Fig 5. Gene families related to skeletogenesis and biomineralization in the genome of A. japonicus.

(A) Comparison of the skeleton from A. japonicus and S. purpuratus. (B) The comparison of the copy numbers of biomineralization-related genes in 3 echinoderms, A. japonicus, S. purpuratus, and A. planci, and the hemichordate S. kowalevskii. Biomineralization-related genes are apparently contracted in A. japonicus. (C) The expression levels of biomineralization-related genes at early developmental stages of A. japonicus (red) and S. purpuratus (black). The expression level of these genes at different development stages is calculated relative to a housekeeping gene (tubulin). Compared with sea urchin, there is a significant gene loss in the A. japonicus genome, and the expression levels for those genes at different development stages are relatively low. The data underlying Fig 5B and 5C can be found in S3 Data.

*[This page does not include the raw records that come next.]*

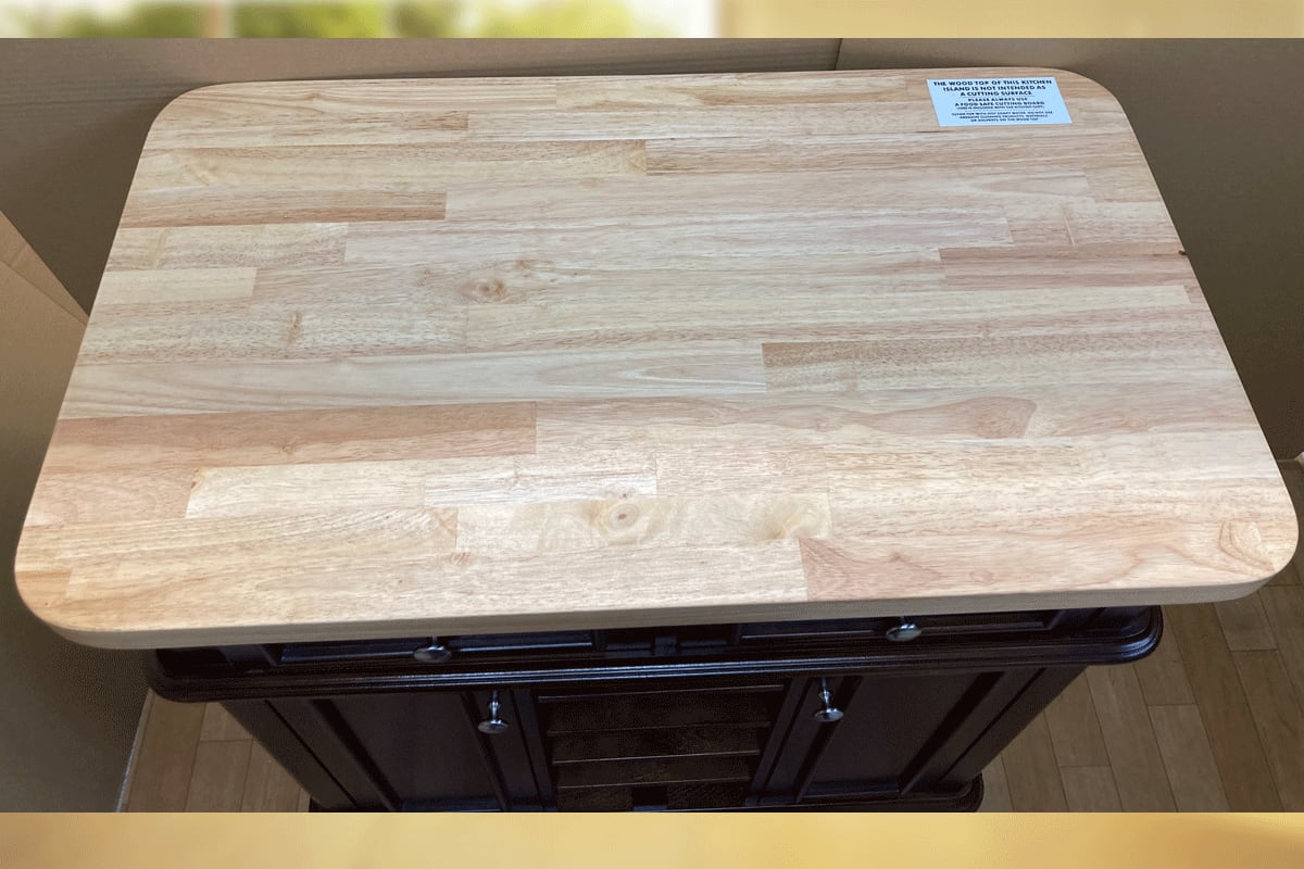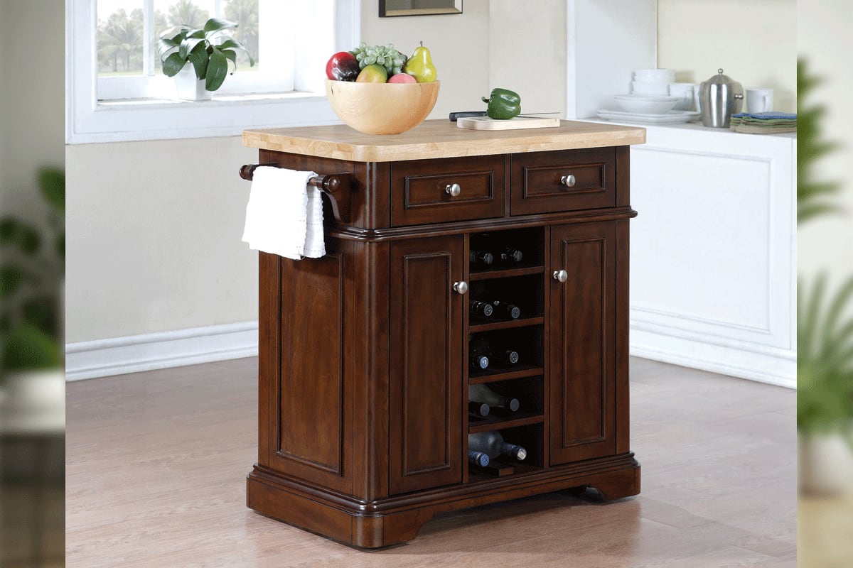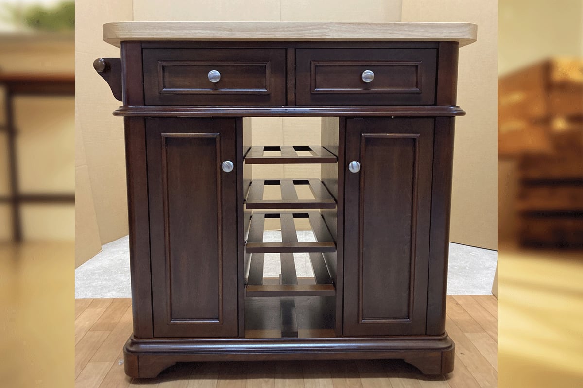 天然木の無垢天板と家具調キャビネットのキッチンアイランドです。キッチンで必要な様々なアイテムが収納できます。移動に便利なキャスター付きで中央にはオープンなボトルラックが配置してあります。カッティングボードやサイドにはタオルバーも付いています。2つの引き出しは、スライド式で両サイドからアクセス可能です。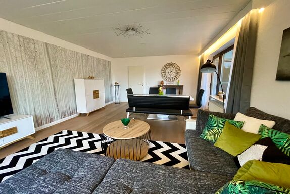 • ein gemütliches Wohnzimmer mit 2-3 Sofas, die bei Bedarf zu Schlafsofas werden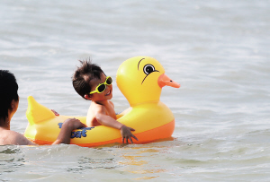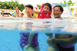 ①5月30日下午,在海口观澜湖国际旅游度假区火山岩主题水上乐园,家长们带着小朋友在水中戏耍。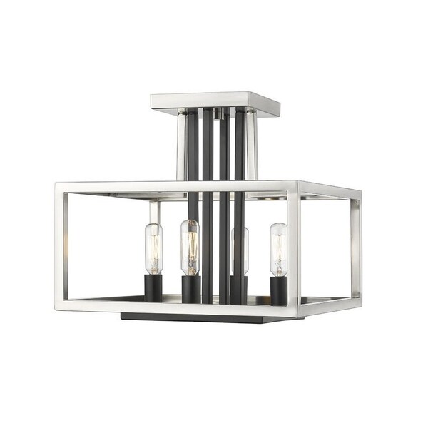 Create a stylish aesthetic in a modern space with this sleek brushed nickel finish four-light ceiling light. Its semi-flushmount build works well in lower ceilings, offering an enticing view of an open geometric steel frame hosting black finish vertical rods and candelabra-style bulb bases.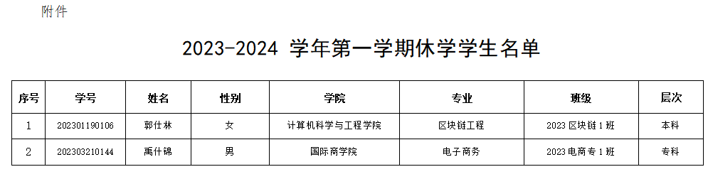 依据《湖南信息学院学生学籍管理规定》以及《湖南信息学院学生休(复)学管理办法》文件精神,经学生本人申请,学校审核,同意郭仕林等2名学生休学,具体名单详见附件。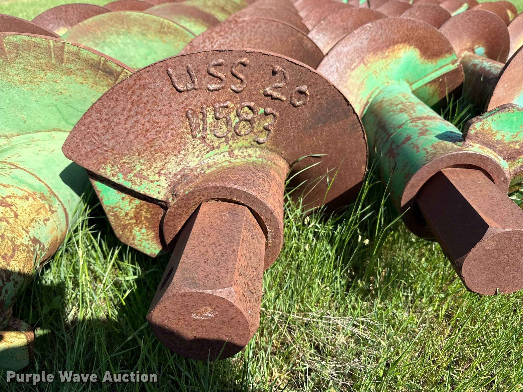 Purple Wave is selling a used Auger or Drill in Texas. This item is a (14) auger bits with the following: Length: 10', Diameter: 20", Cutting head, Width: 20", Teeth: Rock
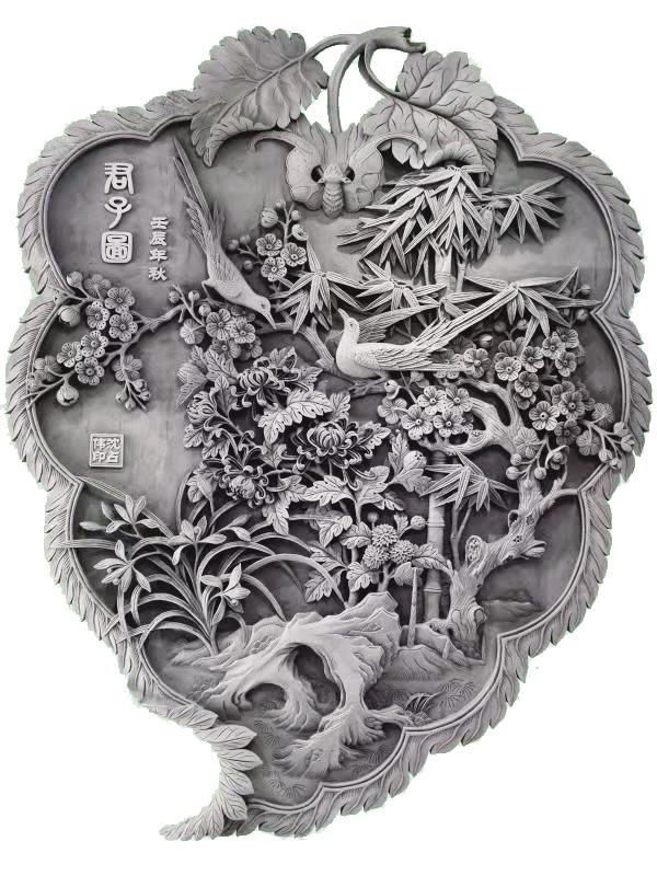 端詳沈占偉的作品,有栩栩如生的花鳥(niǎo),大氣磅礴的山川,活靈活現(xiàn)的人物,能想到的體裁應(yīng)有盡有??梢哉f(shuō)遠(yuǎn)看端莊大氣,近看細(xì)節(jié)精湛,尤其是對(duì)動(dòng)植物的刻畫(huà),仿佛通過(guò)他的刻刀賦予了生命,在原本冰冷的磚塊上呼之欲出,生機(jī)勃勃。難能可貴的是,他并不會(huì)限制自己的創(chuàng)作體裁,每一幅作品都是匠心之作,都傾盡了他的心血。

Fig 6. Prostatic secretory protein of 94 amino acids (PSP94)-like gene family in the genome of A. japonicus.

(A) A heatmap showing the expression profile of tandem-duplicated gene clusters during the intestinal regeneration of A. japonicus. It depicts the cluster ID, the repeat number, and the expression profile. The color represents the relative expression level (fragments per kilobase of transcript per million mapped reads [FPKM] value) of the gene clusters during the intestinal regeneration. The Scaffold889 with 11 tandem-duplicated genes (blue asterisk) shows significant up-regulation post evisceration. (B) The detailed expression of 11 PSP94-like genes located on Scaffold889 at different time points post evisceration. The scale covers log expression values. Genes are clustered by Euclidean distance of the log₁₀(FPKM+1) value and grouped with average-linkage clustering. (C) The distribution and alignment of the PSP94-like gene family. Eleven PSP94-like genes are tandemly arranged on Scaffold889. Arrows denote the transcriptional orientation. The amino acid sequence alignment and domain prediction of proteins coded by these PSP94-like genes show highly conserved cysteine residues in the PSP94 domain. The data underlying Fig 6B and 6C can be found in S3 Data.

Fig 7. Genes involved in the intestine regeneration of A. japonicus.

(A) Regeneration diagram showing A. japonicus (a) undergoing evisceration, (b) immediately post evisceration, and (c) after complete recovery. (B) A heatmap showing the expression profile of molecular events applicable to the intestinal regeneration of A. japonicus. It depicts the molecular events identified in this study in relation to the morphological diversification of regeneration in a diagrammatic sketch. The height and the color of trapezium represent the relative expression level (fragments per kilobase of transcript per million mapped reads [FPKM] value per gene) during the regeneration. High-expressed and low-expressed genes are labeled in red and green, respectively. Extracellular matrix (ECM)-related genes (collagen and fibropellin), signaling pathways (Wnt, bone morphogenetic protein-related genes, and epidermal growth factor-related genes), and myogenesis-related genes (tubulin) are activated at the early stage of regeneration (0–3 days post evisceration [dpe]). During the middle stage of regeneration (3–7 dpe), factors related to hormonal regulation are up-regulated. In the late stages of regeneration, ECM-related genes (tenascin, FRAS1, and collagen) and myogenesis-related genes (actin and myosin) show up-regulated expression. The physiological events happening during regeneration are shown below the x-axis. The data underlying Fig 7B can be found in S3 Data. FREP, fibrinogen-related protein.